Allah (c.c.) rahmeti, selamı ve bereketi üzerimize olsun.
Haruki Murakami'nin "Koşmasaydım Yazamazdım" eserinden alıntı :
Elbette fiziksel olarak sıkıntılıydı.
Ruhsal açıdan çöküp kalmama yol açabilecek türden durumlarla da bazen karşılaşmıştım.
Fakat, bunaldım demek, böylesi sporlar için önkoşul gibidir.
Yoksa kim tutar da triatlon ya da tam maraton gibi, hem zahmetli hem de zaman alan sporları yapmaya kalkar?

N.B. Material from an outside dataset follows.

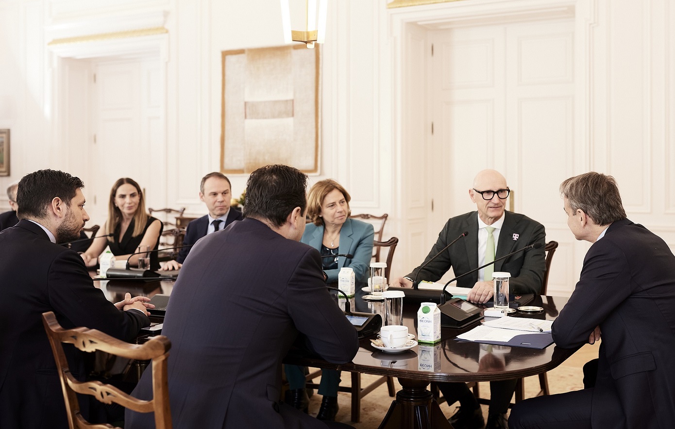 Συνάντηση εργασίας με τον Πρωθυπουργό, κ. Κυριάκο Μητσοτάκη, στο Μέγαρο Μαξίμου, πραγματοποίησε ο CEO του Ομίλου Telekom, κ. Tim Höttges. Στη συνάντηση συμμετείχαν οι Υπουργοί Ψηφιακής Διακυβέρνησης, κ. Δημήτρης Παπαστεργίου και Επικρατείας, κ. Άκης Σκέρτσος, και οι Υφυπουργοί Ψηφιακής Διακυβέρνησης, κ. Κωνσταντίνος Κυρανάκης και παρά τω Πρωθυπουργώ, κ. Γιώργος Μυλωνάκης, καθώς και η επικεφαλής της Telekom για την Ευρώπη, κα Dominique Leroy, ο Senior Vice President for Group Public and Regulatory Affairs της Telekom, κ. Wolfgang Kopf, ο Πρόεδρος και Διευθύνων Σύμβουλος του Ομίλου ΟΤΕ, κ. Κώστας Νεμπής, και η Νομική Σύμβουλος, Chief Officer Νομικών & Ρυθμιστικών Θεμάτων, Public Affairs & Εταιρικής Διακυβέρνησης Ομίλου ΟΤΕ, κα Ειρήνη Νικολαΐδη. Ο κ. Höttges επιβεβαίωσε τη σταθερή δέσμευση της Telekom στην ελληνική αγορά και την εμπιστοσύνη της στις προοπτικές της ελληνικής οικονομίας. Ο Πρωθυπουργός ενημερώθηκε για την πορεία υλοποίησης του στρατηγικού επενδυτικού πλάνου του Ομίλου, ύψους 3 δισ. ευρώ μέχρι το 2027, κυρίως για την επέκταση των δικτυών οπτικών ινών και 5G, ενώ συζητήθηκε η περαιτέρω συμβολή της εταιρείας στον ψηφιακό μετασχηματισμό της Ελλάδας, με στόχο την καθιέρωσή της ως πρωτοπόρου στην Ευρώπη στην ψηφιακοποίηση.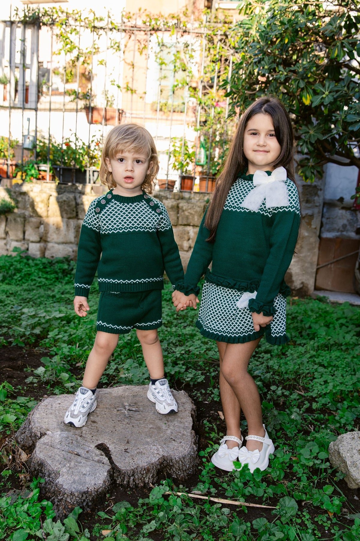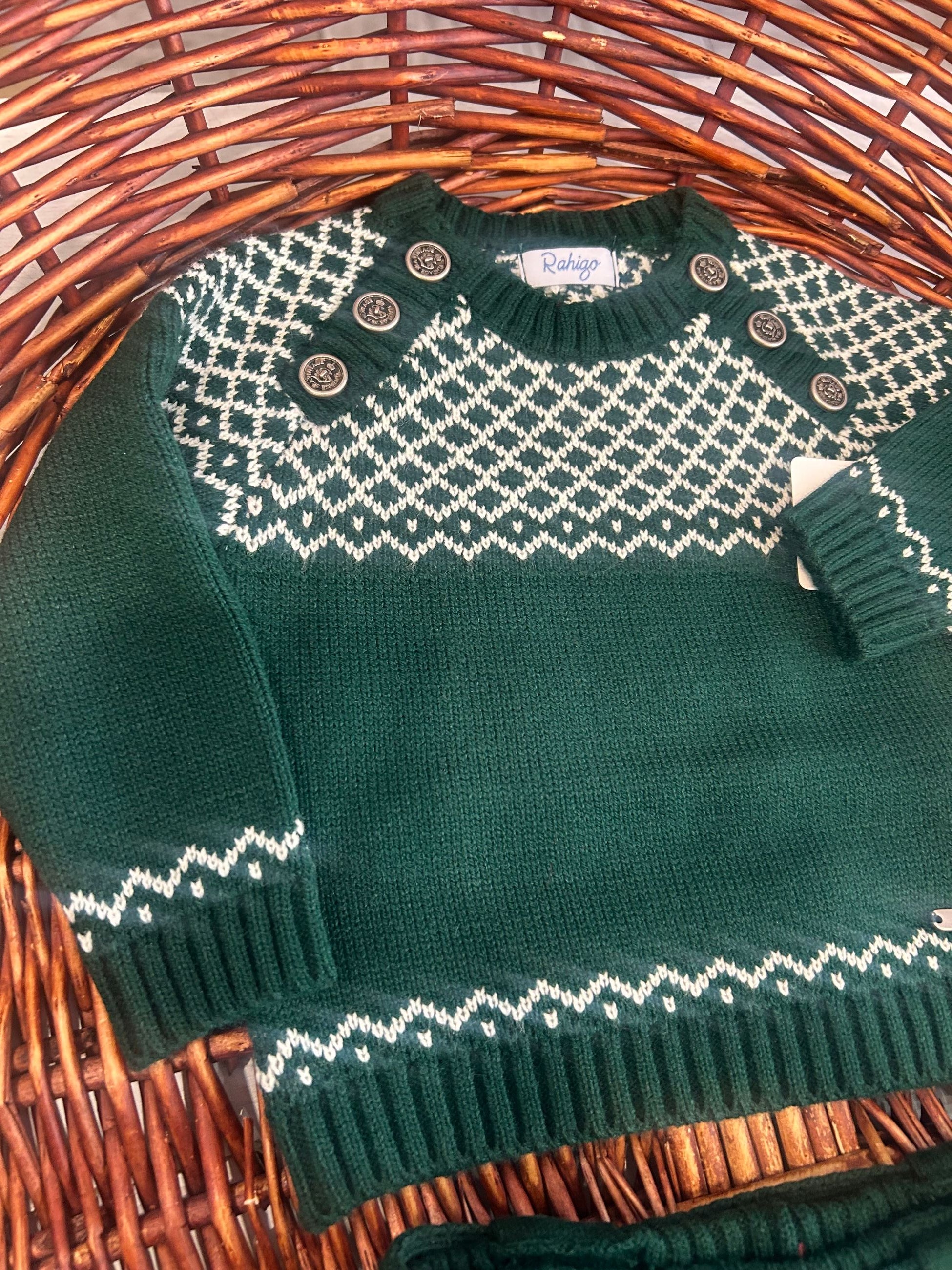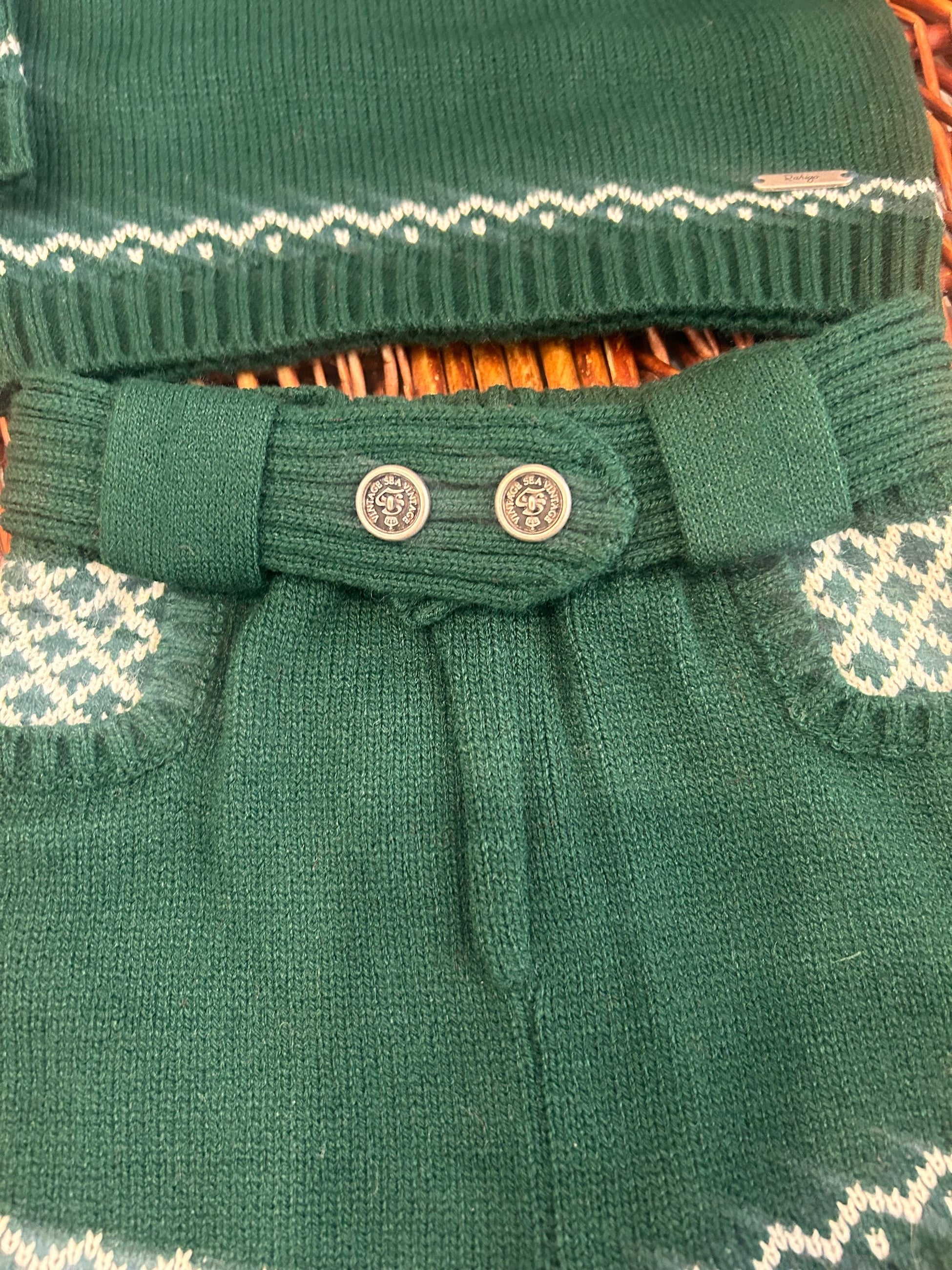 completo in maglia bicoloore verde con intarsi bianchi,il maglioncino porta i bottoni sul laterale sinistro che permettono un ottima vestibilita e il leggins risulta praticoe chic ,un completo perfetto per le giornate piu fredde

Zaten yaşam sıkıntılı olduğu için o sıkıntının üstesinden gelmeyi beklenti haline getiriyoruz ve gerçekten yaşadığımızı hissedebiliyoruz.
Bir tecrübenin değeri başarı, sayılar, sıralama gibi sabit şeylerle ölçülmez; önemli olan bir eylemin içinde akışkan bir kavrayışa (elbette her şey yolunda giderse) ulaşmaktır.
...
Diyelim ki esasında bu, dibinde küçük bir delik açılmış eski bir tencereye su doldurmaya benzeyen nafile bir uğraştan öteye geçmese bile, en azından geriye çabalamış olma gerçeği kalır.
Bir faydasının olup olmaması, şık bir duruşun ortaya çıkıp çıkmaması önemli değildir.
Nihayetinde
bizim için önemli olan şey, çoğu durumda gözle görülmeyen (fakat yürekle hissedilebilen) şeylerdir.
Dahası, gerçekten değeri olan şeyler her yerdedir.
Bunların etkin kılınması çileli eylemler aracılığıyla mümkün olur. Diyelim ki boşuna bir eylem olsun, ama kesinlikle aptalca bir eylem olmasa gerek.
Ben böyle düşünüyorum.
Gerçek hislerim ve deneyimlerimden yola çıkarak.
...
Eğer bir mezar taşım olacaksa, oraya yazılacak ifadeyi kendim seçebileceksem, şöyle yazılmasını istiyorum:
Haruki Murakami.
1949-20**
Yazar (ve Koşucu)
En azından sonuna kadar yürümedi.Şu an için beklentim bundan ibaret.
Yazarın, maraton koşusunda istisnalar dışında yürümeme ilkesi var. En çok zorlandığı anlarda, koşu temposunu en aza indiriyor, yürüyerek dinlenmeyi tercih etmiyor.
Dinlenmek için koşmak, sağlıklı olmak için koşmak, farklı uğraşlarda daha verimli olabilmek için koşmak vs.
Koşmak için bir çok sebep var. Bu sebepler bile beni bilgisayarımın başından kaldırıp koşturamaz.